[llvm-branch-commits] [lld] 764e282 - [LLD][COFF] Skip computation of the undefined symbols references that are not shown

Hans Wennborg via llvm-branch-commits llvm-branch-commits at lists.llvm.org
Wed Jul 22 04:13:32 PDT 2020


Author: Sylvain Audi
Date: 2020-07-22T13:12:04+02:00
New Revision: 764e28231e4b3b04748ac1c85576402bb76919de

URL: https://github.com/llvm/llvm-project/commit/764e28231e4b3b04748ac1c85576402bb76919de
DIFF: https://github.com/llvm/llvm-project/commit/764e28231e4b3b04748ac1c85576402bb76919de.diff

LOG: [LLD][COFF] Skip computation of the undefined symbols references that are not shown

The "undefined symbol" error message from lld-link displays up to 3 references to that symbol, and the number of extra references not shown.
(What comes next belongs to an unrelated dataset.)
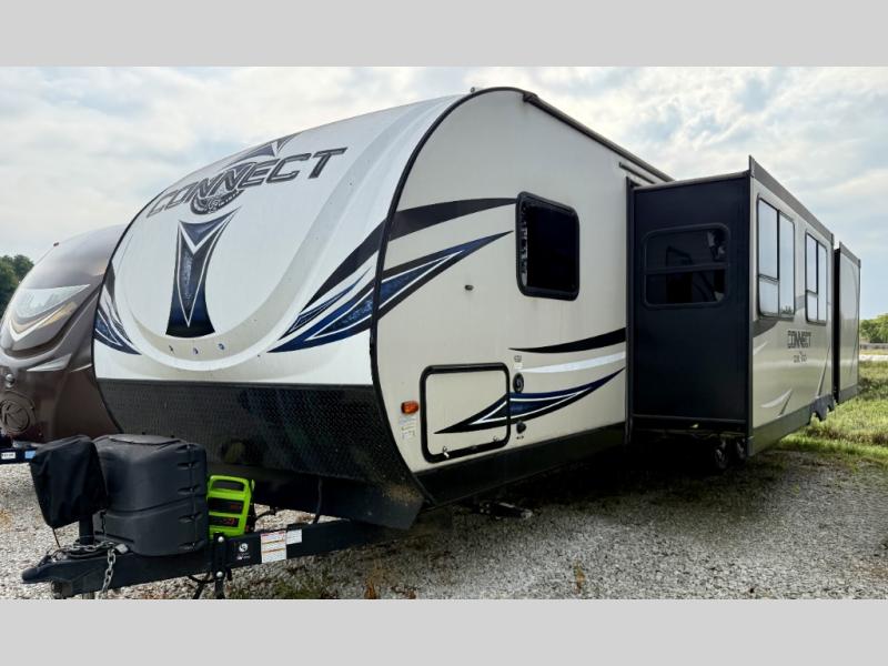 The legendary workmanship that you have always appreciated from KZ RV is clearly evidenced in its brand-new line of ultra-lightweight Connect SE travel trailers! With slide outs in every floor plan, the spacious interior feels welcoming and inviting for all who travel with you, and with all of the multimedia features that have been included throughout the Connect SE, like the stereo with Bluetooth and LED lights on the exterior speakers, you will enjoy endless hours of entertainment during each getaway. The foundation of the Connect SE is just as impressive as its interior with its one-piece seamless roof that has SuperFlex® roofing material, its UVA and UVB-resistant gelcoat Lamilux® exterior, and its 3/8" fully walk-on roof decking. You will also enjoy the beautiful interior styling that comes from the rich woodbridge maple cabinetry, hand-crafted mortise and tenon glazed cabinet doors, and residential-grade linoleum.

This patch removes the computation of the strings for those extra references.

It fixes a freeze of lld-link we accidentally encountered when activating asan on a large project, without linking with the asan library.
In that case, __asan_report_load8 was referenced more than 2 million times, causing the computation of that many display strings, of which only 3 were used.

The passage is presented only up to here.